**Problem requirements**
Transcribe the entries below exactly; leave every image out.

[Supplied material — start]

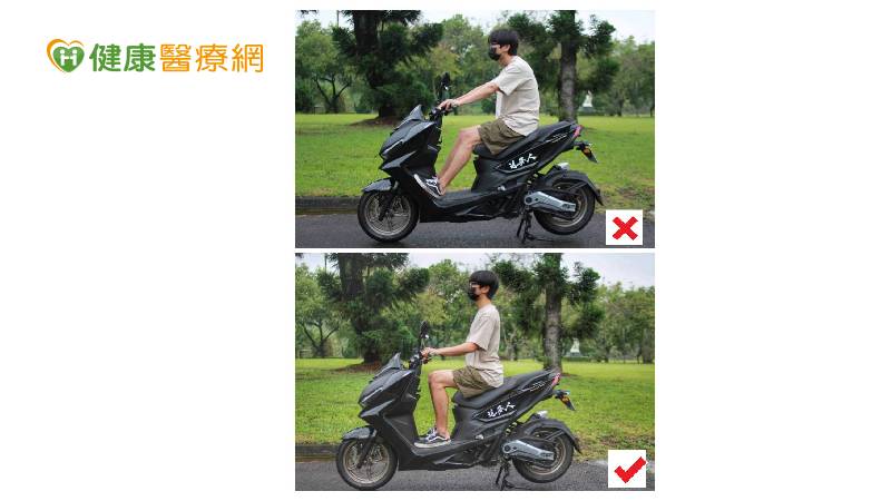 衛福部南投醫院復健科周建文主任指出,在騎乘機車時因雙手需緊握龍頭,身體呈現在坐姿彎腰前傾的姿勢,這在腰椎椎間盤所承受的壓力數值當中,是屬於最大值的壓力值,高達185%。而騎車時在路上難免會遇到大大小小的顛坡,面對這樣彈跳的瞬間衝擊力,在不正確的姿勢之下會讓脊椎再承受額外的傷害,可能會造成腰椎退化或是椎間盤突出等問題。
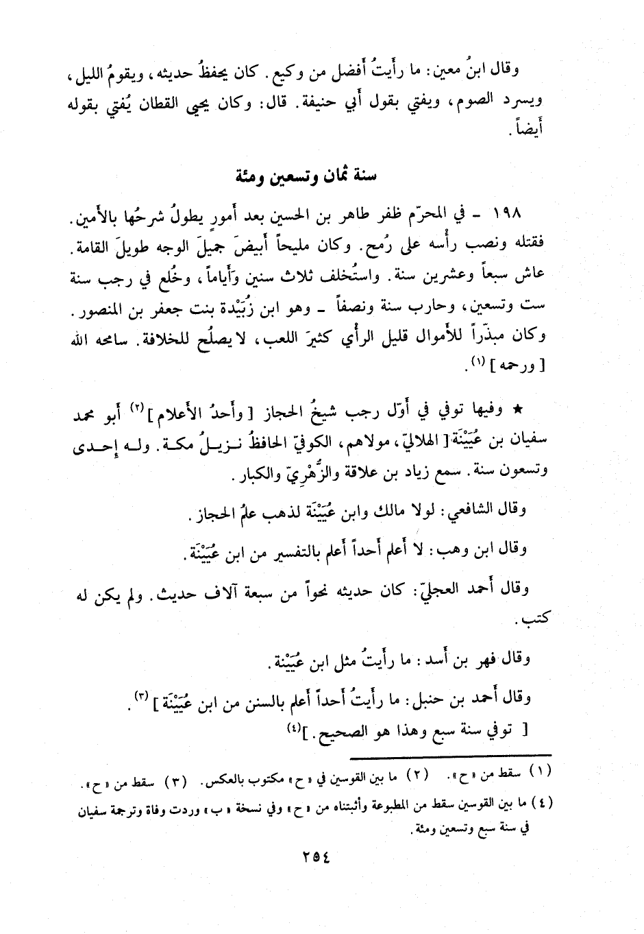 وفيها توفي أول رجب شيخ الحجاز وأحد الأعلام أبو محمد سفيان بن عيينة الهلالي، مولاهم، الكوفي الحافظ نزيل مكة. وله إحدى وتسعون سنة. سمع زياد بن علاقة والزهري والكبار.
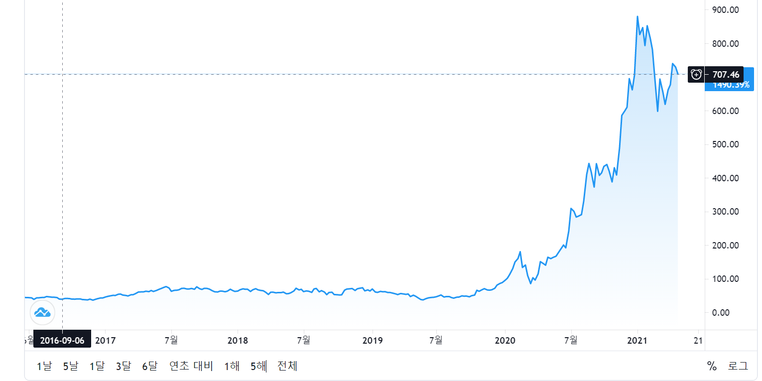 코로나로 인해서 60$대까지 하락을 했다가 20201년 1월에 870$까지 치고 올라가다,
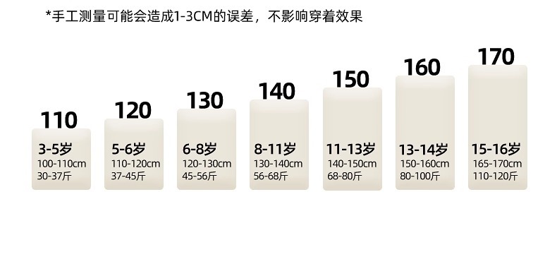 适合身高 110码,120码,130码,140码,150码,160码,170码
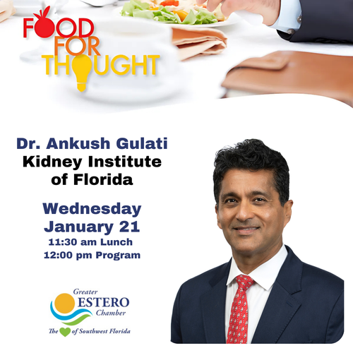 The Greater Estero Chamber of Commerce is proud to host Dr. Ankush Gulati from the Kidney Institute of Florida.
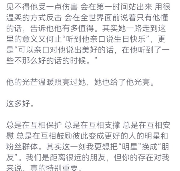 有一位粉丝深情地描绘了王俊凯与粉丝之间的羁绊:“我们彼此守护,相互扶持,共同成长。在相互鼓励中,我们努力成为更优秀的自己。这样的明星与粉丝关系,更像是一群志同道合的朋友。虽然相隔遥远,但你的存在对我来说意义非凡。”
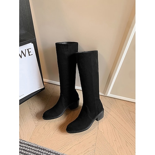 stivali da donna in pelle scamosciata a metà polpaccio con tacco spesso - classico design slip-on per l'autunno moda invernale

[Supplied material — finish]

**Solution to this task**
 衛福部南投醫院復健科周建文主任指出,在騎乘機車時因雙手需緊握龍頭,身體呈現在坐姿彎腰前傾的姿勢,這在腰椎椎間盤所承受的壓力數值當中,是屬於最大值的壓力值,高達185%。而騎車時在路上難免會遇到大大小小的顛坡,面對這樣彈跳的瞬間衝擊力,在不正確的姿勢之下會讓脊椎再承受額外的傷害,可能會造成腰椎退化或是椎間盤突出等問題。
 وفيها توفي أول رجب شيخ الحجاز وأحد الأعلام أبو محمد سفيان بن عيينة الهلالي، مولاهم، الكوفي الحافظ نزيل مكة. وله إحدى وتسعون سنة. سمع زياد بن علاقة والزهري والكبار.
 코로나로 인해서 60$대까지 하락을 했다가 20201년 1월에 870$까지 치고 올라가다,
 适合身高 110码,120码,130码,140码,150码,160码,170码
 The Greater Estero Chamber of Commerce is proud to host Dr. Ankush Gulati from the Kidney Institute of Florida.
 有一位粉丝深情地描绘了王俊凯与粉丝之间的羁绊:“我们彼此守护,相互扶持,共同成长。在相互鼓励中,我们努力成为更优秀的自己。这样的明星与粉丝关系,更像是一群志同道合的朋友。虽然相隔遥远,但你的存在对我来说意义非凡。”
 stivali da donna in pelle scamosciata a metà polpaccio con tacco spesso - classico design slip-on per l'autunno moda invernale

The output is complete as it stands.